One morning, Ailani ventured up to the balcony to sit with her sister. Keiko didn’t look up from her radio or say hello. She kept scanning through the stations, her ear to the speaker.
“So how’s school?” Ailani asked casually.
Keiko gave her a look.
“What?”
“You want to make chitchat now?” Keiko asked. “You haven’t been interested in my life since you left Kauai.”
“That’s not true.”
“You called me once a month,” Keiko said. “Usually, you spent ten minutes complaining about how terrible your life was and how much better you deserved at your job, and then you’d say someone at the studio had asked you to do something and hung up on me. You never asked me about what was going on in my life, so why does it matter now?”

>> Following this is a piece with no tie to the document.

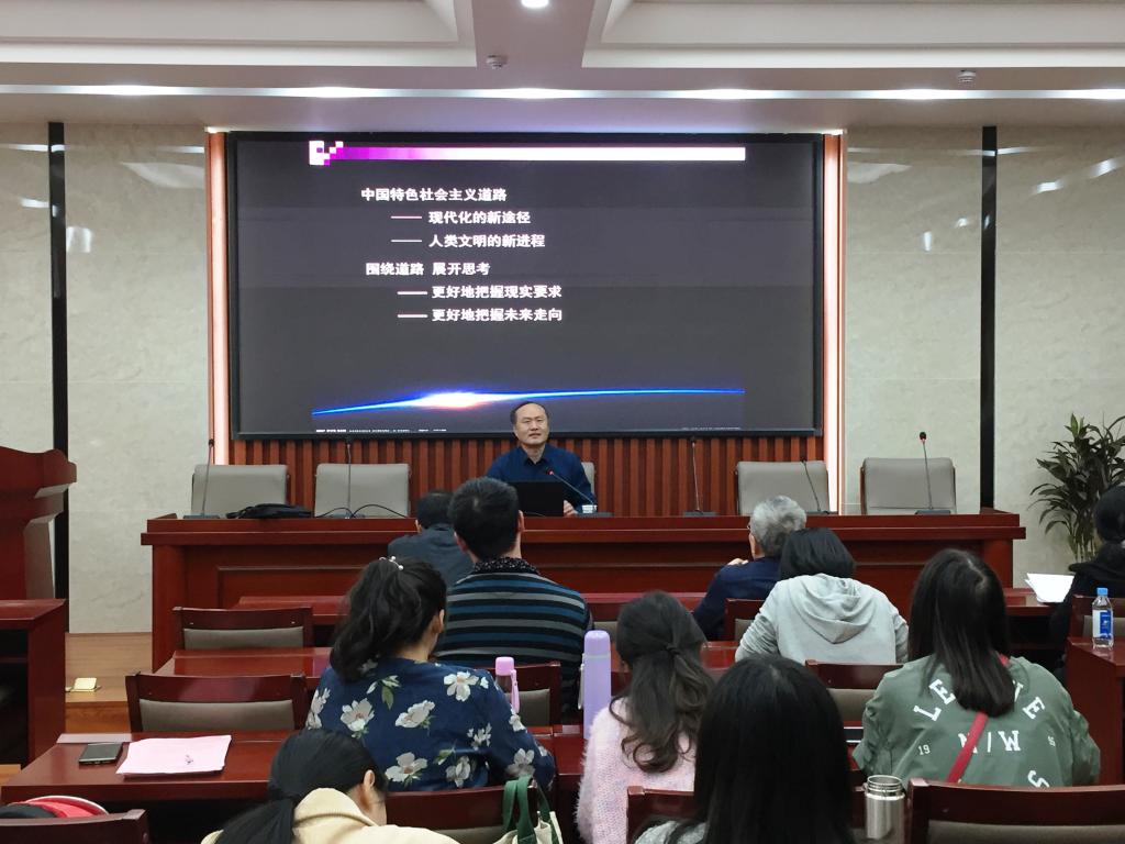 11月2日下午,中国科学社会主义学会常务副会长、《科学社会主义》杂志总编辑、中共中央党校(国家行政学院)博士生导师秦刚教授莅临湖南师范大学公共管理学院,为师生带来“中国特色社会主义道路的开创和拓展”的专题报告。报告在博后楼303室举行,中共党史学科负责人胡映兰教授主持。

Ailani stared at her bare feet. Once upon a time, they matched the steady tan that covered the rest of her body. Now, her shins were a dark red-brown, but her feet and ankles remained pale from all the time she had spent in hiking boots.
“You’re right,” she said.
Keiko lifted an eyebrow. “I am?”
“Yes.” Ailani drew her knees up to her chest and rested her chin on them. “When I left Kauai, I didn’t want to be reminded of anything that would make me think of Mom. That included you. I worried about you. I wanted to know about you, but I couldn’t call without you asking if I wanted to talk to Dad. When I did let you talk about your life, I missed Kauai so much that it made me want to fly back home without a second thought.” She stuck her toes in between the plastic strips that made up the lounge chair. “I’ve never thought of L.A. as home. It always felt like an in-between place. As long as I’ve been here, I imagined finally getting the chance to make a film that mattered. I imagined screening the premiere in Kauai, on the beach, with all my old friends and family there. Then I’d picture Mom in the audience—” An old feeling got stuck in her throat, and she coughed to clear it. “And it killed me. She’ll never see me succeed. Hell, now I don’t know if I’ll ever get the chance to succeed.”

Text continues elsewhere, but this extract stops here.